--- Task prompt ---
Would you reproduce the data below exactly, please, leaving out its images?

───── Extracted information

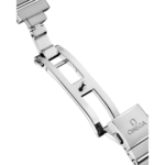 Calibre OMEGA 4061 : Mouvement à quartz avec fonction « Long Life » pour optimiser l’autonomie de la pile. Logo Omega rouge exclusif avec composants rhodiés et perlage.
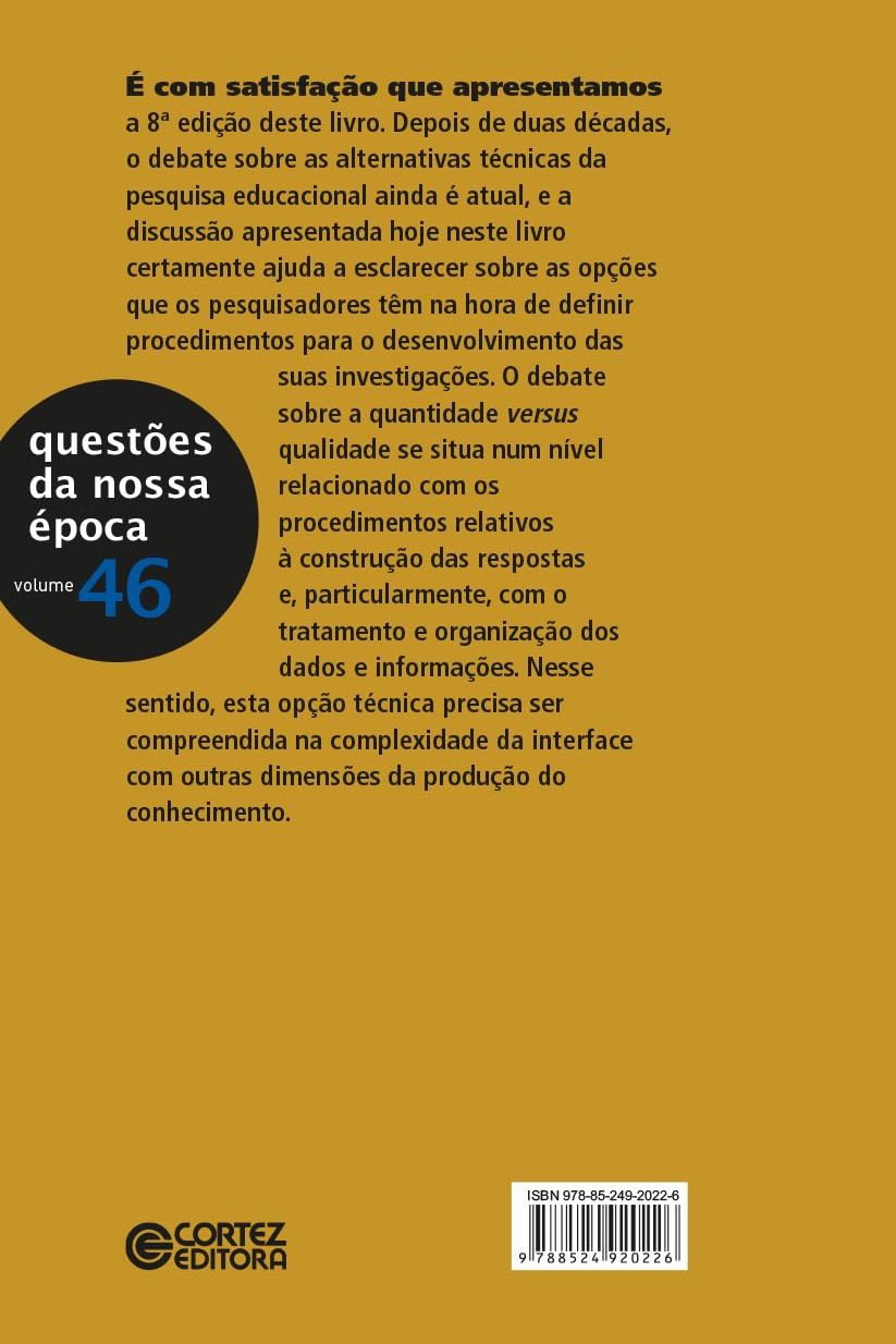 Depois de duas décadas, o debate sobre as alternativas técnicas da pesquisa educacional ainda é atual, e a discussão apresentada hoje neste livro certamente ajuda a esclarecer sobre as opções que os pesquisadores têm na hora de definir procedimentos para o desenvolvimento das suas investigações.
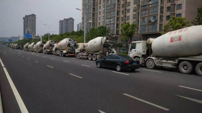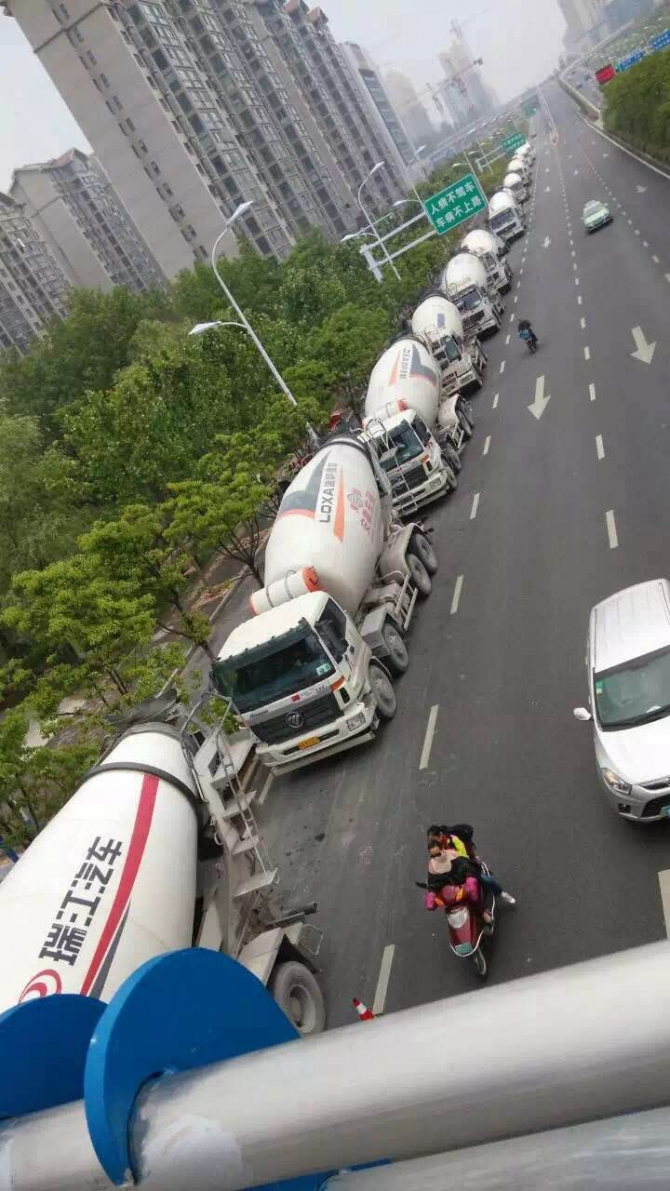 合肥綠地中心位于高鐵路與廬州大道交口,項目定位為55萬方安徽首席高鐵綜合體,產(chǎn)品由一棟200多米超高層,三棟國際甲級辦公樓,4棟城市精英中央官邸和LOHAS商業(yè)綜合體組成。 該項目主樓筏板為C45P8砼,核心筒處深度達8.9m,砼體量為12000m3。主樓高220m,1-22層墻柱為C60砼,22層以上墻柱為C50砼。 下圖為澆筑該項目主樓12000m3大體積同時現(xiàn)場等待的砼攪拌車。
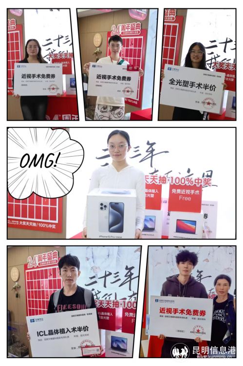 1.24周年驚喜盲盒,免費(fèi)近視手術(shù)名額,大額摘鏡減免券,蘋果、華為筆記本電腦,iPhone15pro,名牌騎行鏡、墨鏡,超多福利天天抽,中獎(jiǎng)率100%。
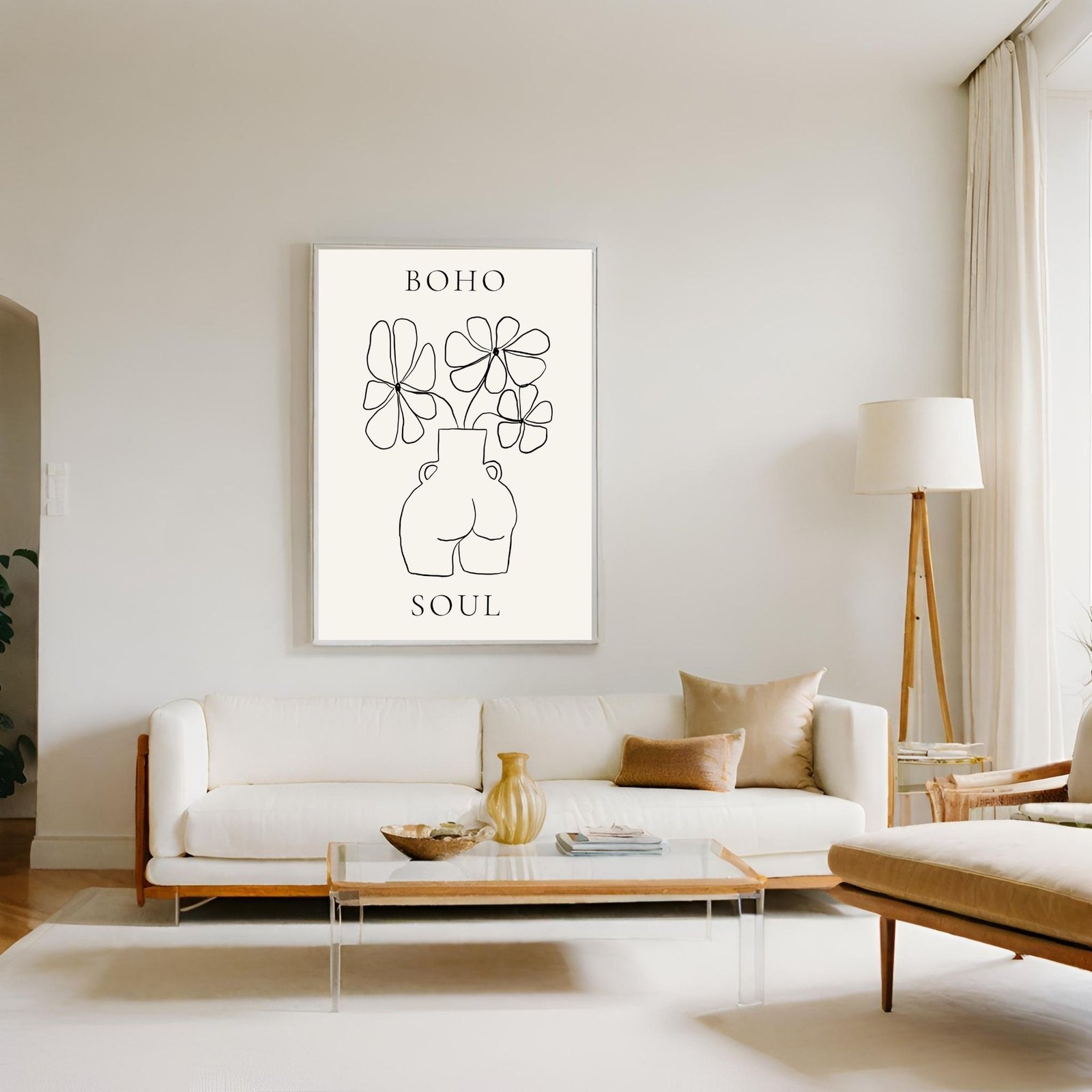This unique Boho Soul Vase with Three Flowers Poster combines delicate simplicity with striking elegance. Featuring a modern vase and floral accents, this piece reflects the beauty of natural forms. Perfect for a bohemian or minimalist aesthetic, this print brings an organic touch to any room, offering both serenity and sophistication.
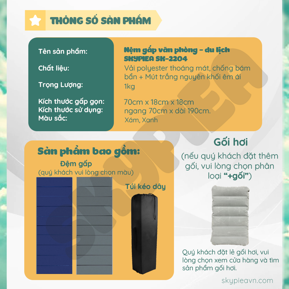 Nệm được thiết kế một cách nhỏ gọn và có qoai xách phù hợp với việc sử dụng cũng như cất giữ tại văn phòng làm việc.
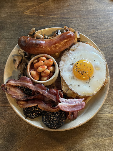 The egg was not properly cooked. Bacon snapped as soon as you went to cut. The black pudding was sliced waver thin also snapped as you went to cut. The sour dough was lovely and the mushrooms were cut so small. The overall feeling was a begrudged meal. My friend had the same experience of the breakfast bap and had to leave half of it. The total cost of breakfast was £33 not cheap for what was served up. I would have mentioned to waiter only it wouldn’t have been well received by this guy. 3 days later I feel annoyed enough to write this review. More focus on customer service and not burnt offerings is needed. I...
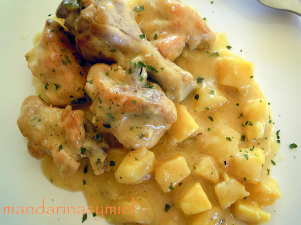 Lo mejor del pollo es que está bueno lo hagas como lo hagas y da para infinidad de recetas. Esta que he hecho hoy la he sacado del libro de "Las recetas de Sor Lucía Caram" que gané en Canal Cocina y del que ya os he puesto alguna receta como el arroz caldoso de costilla y el pan perdido de canela.

──────────

--- Answer for this exercise ---
 Calibre OMEGA 4061 : Mouvement à quartz avec fonction « Long Life » pour optimiser l’autonomie de la pile. Logo Omega rouge exclusif avec composants rhodiés et perlage.
 Depois de duas décadas, o debate sobre as alternativas técnicas da pesquisa educacional ainda é atual, e a discussão apresentada hoje neste livro certamente ajuda a esclarecer sobre as opções que os pesquisadores têm na hora de definir procedimentos para o desenvolvimento das suas investigações.
 合肥綠地中心位于高鐵路與廬州大道交口,項目定位為55萬方安徽首席高鐵綜合體,產(chǎn)品由一棟200多米超高層,三棟國際甲級辦公樓,4棟城市精英中央官邸和LOHAS商業(yè)綜合體組成。 該項目主樓筏板為C45P8砼,核心筒處深度達8.9m,砼體量為12000m3。主樓高220m,1-22層墻柱為C60砼,22層以上墻柱為C50砼。 下圖為澆筑該項目主樓12000m3大體積同時現(xiàn)場等待的砼攪拌車。
 1.24周年驚喜盲盒,免費(fèi)近視手術(shù)名額,大額摘鏡減免券,蘋果、華為筆記本電腦,iPhone15pro,名牌騎行鏡、墨鏡,超多福利天天抽,中獎(jiǎng)率100%。
This unique Boho Soul Vase with Three Flowers Poster combines delicate simplicity with striking elegance. Featuring a modern vase and floral accents, this piece reflects the beauty of natural forms. Perfect for a bohemian or minimalist aesthetic, this print brings an organic touch to any room, offering both serenity and sophistication.
 Nệm được thiết kế một cách nhỏ gọn và có qoai xách phù hợp với việc sử dụng cũng như cất giữ tại văn phòng làm việc.
 The egg was not properly cooked. Bacon snapped as soon as you went to cut. The black pudding was sliced waver thin also snapped as you went to cut. The sour dough was lovely and the mushrooms were cut so small. The overall feeling was a begrudged meal. My friend had the same experience of the breakfast bap and had to leave half of it. The total cost of breakfast was £33 not cheap for what was served up. I would have mentioned to waiter only it wouldn’t have been well received by this guy. 3 days later I feel annoyed enough to write this review. More focus on customer service and not burnt offerings is needed. I...
 Lo mejor del pollo es que está bueno lo hagas como lo hagas y da para infinidad de recetas. Esta que he hecho hoy la he sacado del libro de "Las recetas de Sor Lucía Caram" que gané en Canal Cocina y del que ya os he puesto alguna receta como el arroz caldoso de costilla y el pan perdido de canela.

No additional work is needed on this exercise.